Directions = Output exactly, and only, the lines below from the one with "- 虛擬大螢幕|觀看成像如距離 20 公尺觀看 600 吋大螢幕,一戴上如同進入電影院。" down to the one with "El Club de Escalada". Include both end lines and no pictures.

Supplied data =
--
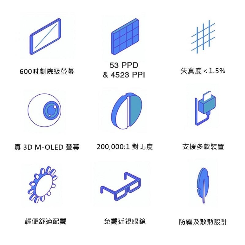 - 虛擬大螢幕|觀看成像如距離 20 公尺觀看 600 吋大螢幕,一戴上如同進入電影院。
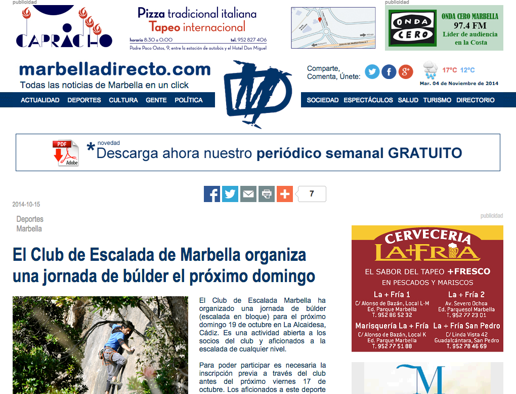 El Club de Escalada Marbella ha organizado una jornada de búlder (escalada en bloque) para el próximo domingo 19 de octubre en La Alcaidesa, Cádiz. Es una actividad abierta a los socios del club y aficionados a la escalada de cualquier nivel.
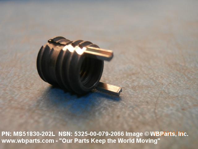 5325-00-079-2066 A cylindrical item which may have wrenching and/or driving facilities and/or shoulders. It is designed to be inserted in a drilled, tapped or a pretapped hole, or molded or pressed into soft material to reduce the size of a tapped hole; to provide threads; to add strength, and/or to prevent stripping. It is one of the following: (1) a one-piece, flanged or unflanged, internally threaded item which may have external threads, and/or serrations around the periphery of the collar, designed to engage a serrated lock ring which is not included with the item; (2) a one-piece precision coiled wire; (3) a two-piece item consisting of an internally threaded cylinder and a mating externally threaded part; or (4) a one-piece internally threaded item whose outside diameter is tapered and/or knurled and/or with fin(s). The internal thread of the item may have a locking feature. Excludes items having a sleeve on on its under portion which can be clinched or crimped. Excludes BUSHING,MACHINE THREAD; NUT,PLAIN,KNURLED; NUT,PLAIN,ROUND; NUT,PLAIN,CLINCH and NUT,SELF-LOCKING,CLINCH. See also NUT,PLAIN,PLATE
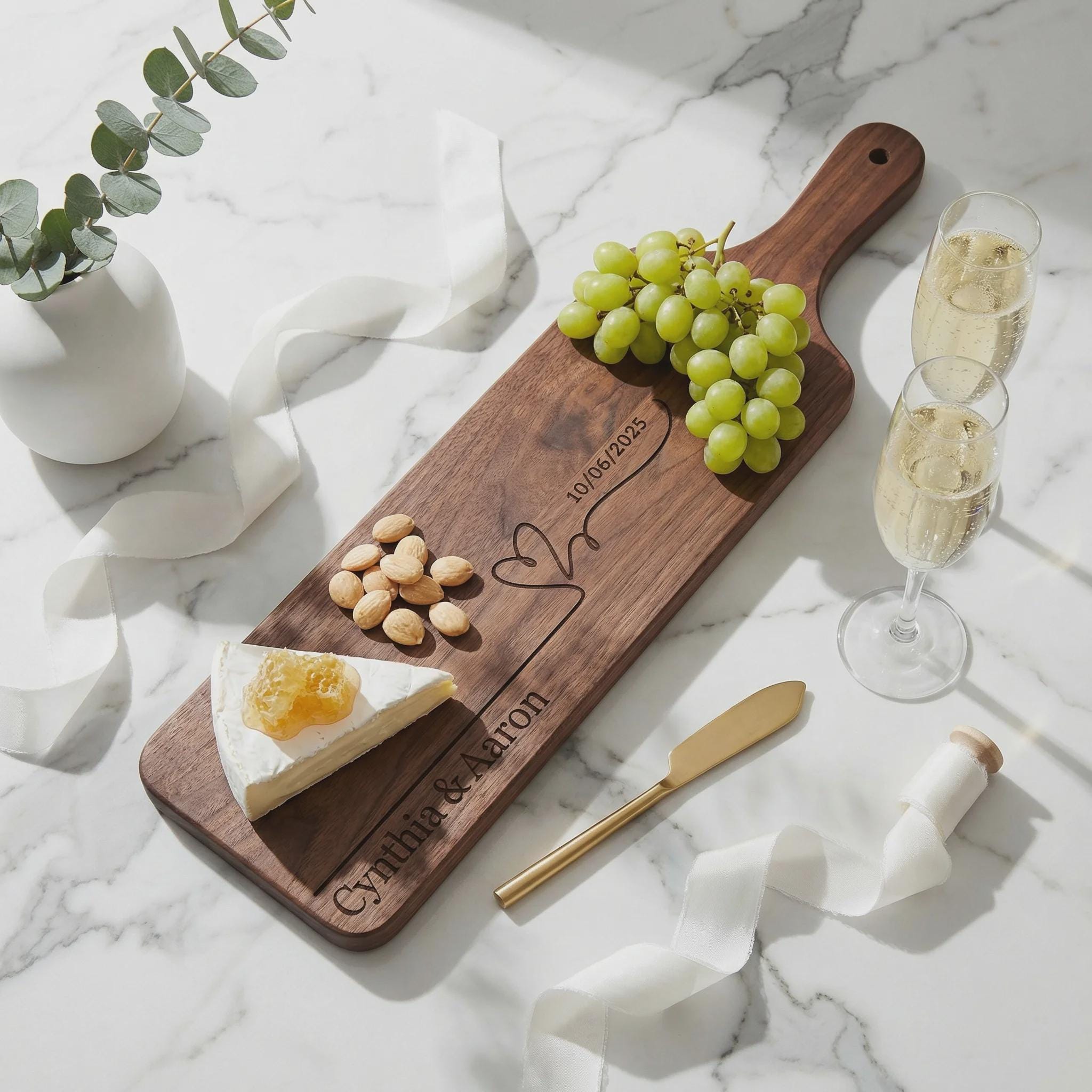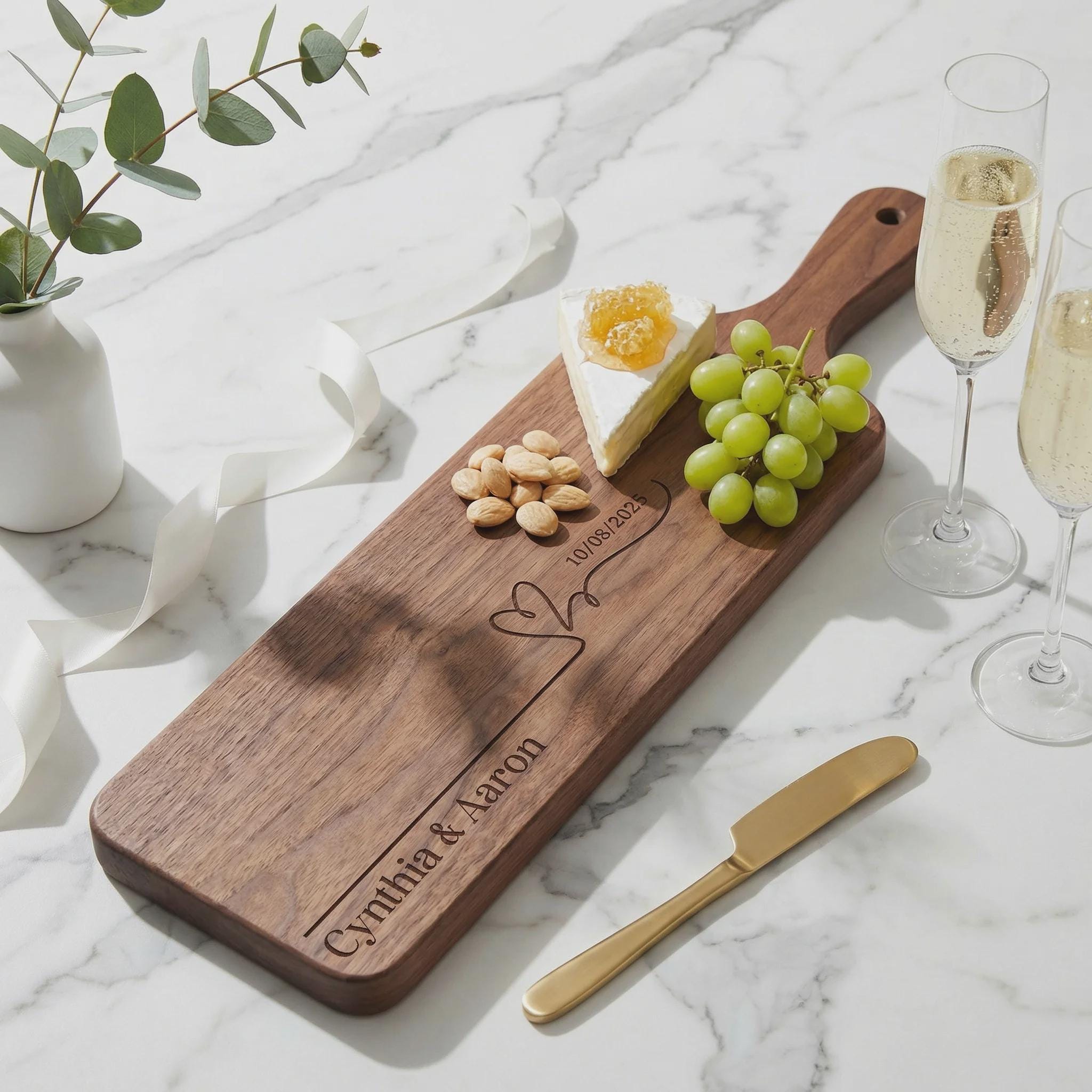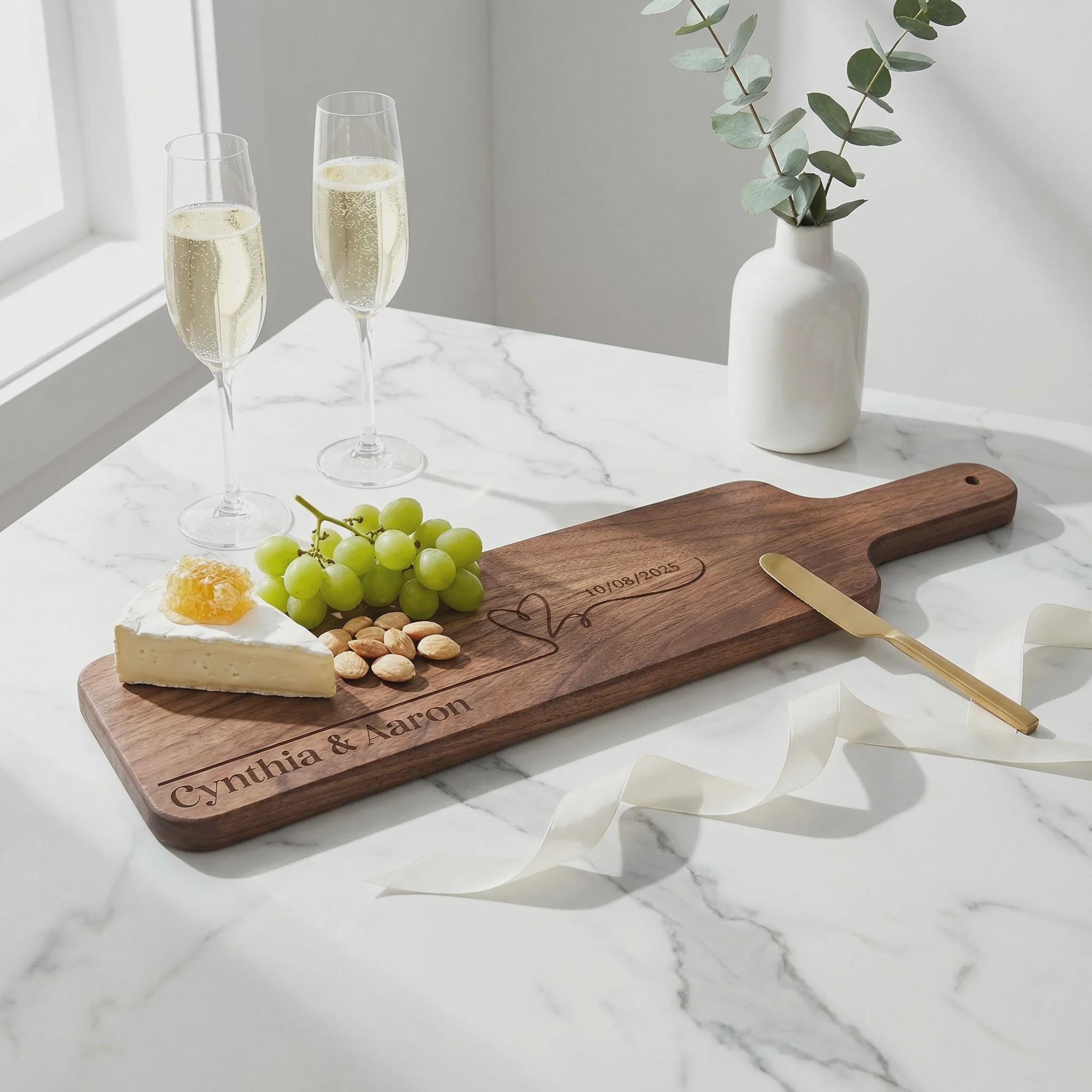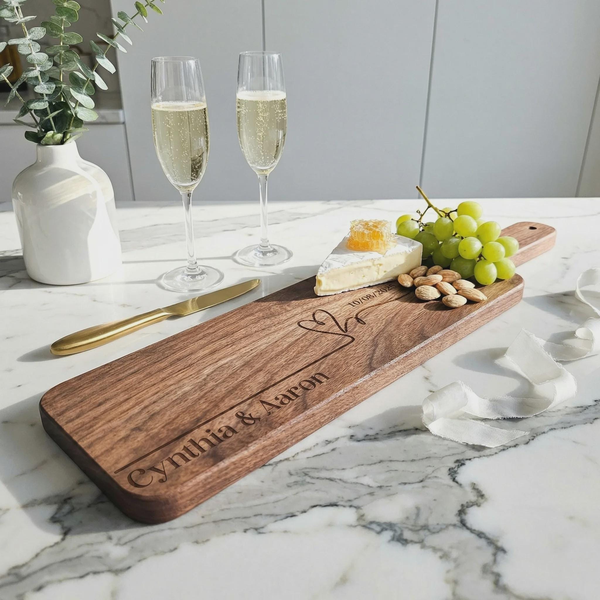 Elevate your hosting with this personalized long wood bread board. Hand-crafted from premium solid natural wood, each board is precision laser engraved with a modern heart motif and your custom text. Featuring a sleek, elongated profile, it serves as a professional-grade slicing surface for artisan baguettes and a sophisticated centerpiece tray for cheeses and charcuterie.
--
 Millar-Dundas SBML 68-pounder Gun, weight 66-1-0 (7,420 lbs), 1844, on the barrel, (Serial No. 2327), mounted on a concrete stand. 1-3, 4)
--
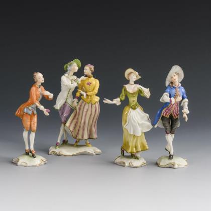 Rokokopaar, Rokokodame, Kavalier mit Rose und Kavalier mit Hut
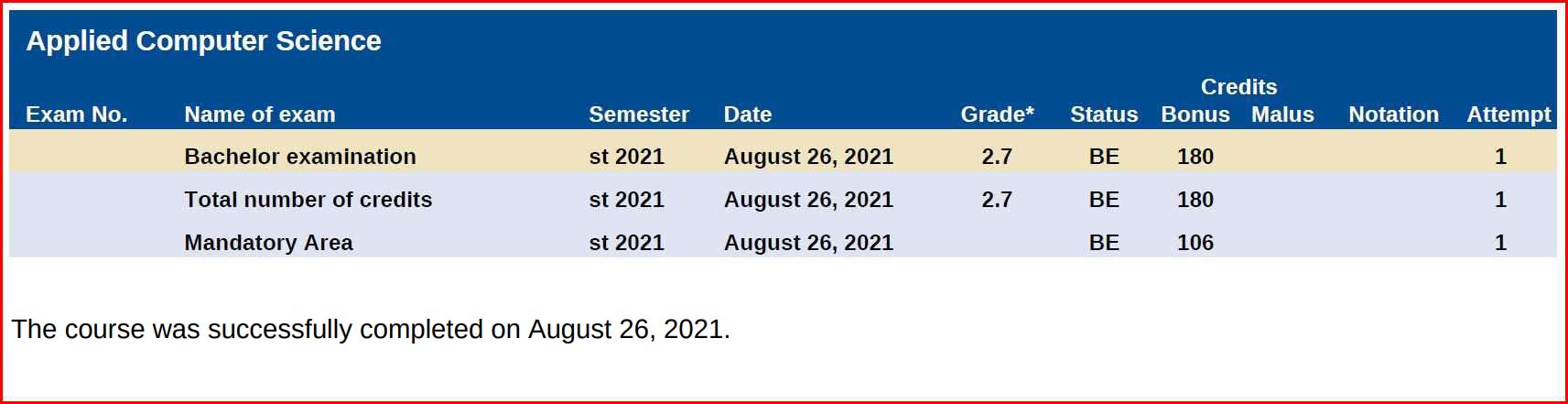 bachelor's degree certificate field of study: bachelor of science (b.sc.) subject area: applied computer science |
--
Worked solution =
 - 虛擬大螢幕|觀看成像如距離 20 公尺觀看 600 吋大螢幕,一戴上如同進入電影院。
 El Club de Escalada Marbella ha organizado una jornada de búlder (escalada en bloque) para el próximo domingo 19 de octubre en La Alcaidesa, Cádiz. Es una actividad abierta a los socios del club y aficionados a la escalada de cualquier nivel.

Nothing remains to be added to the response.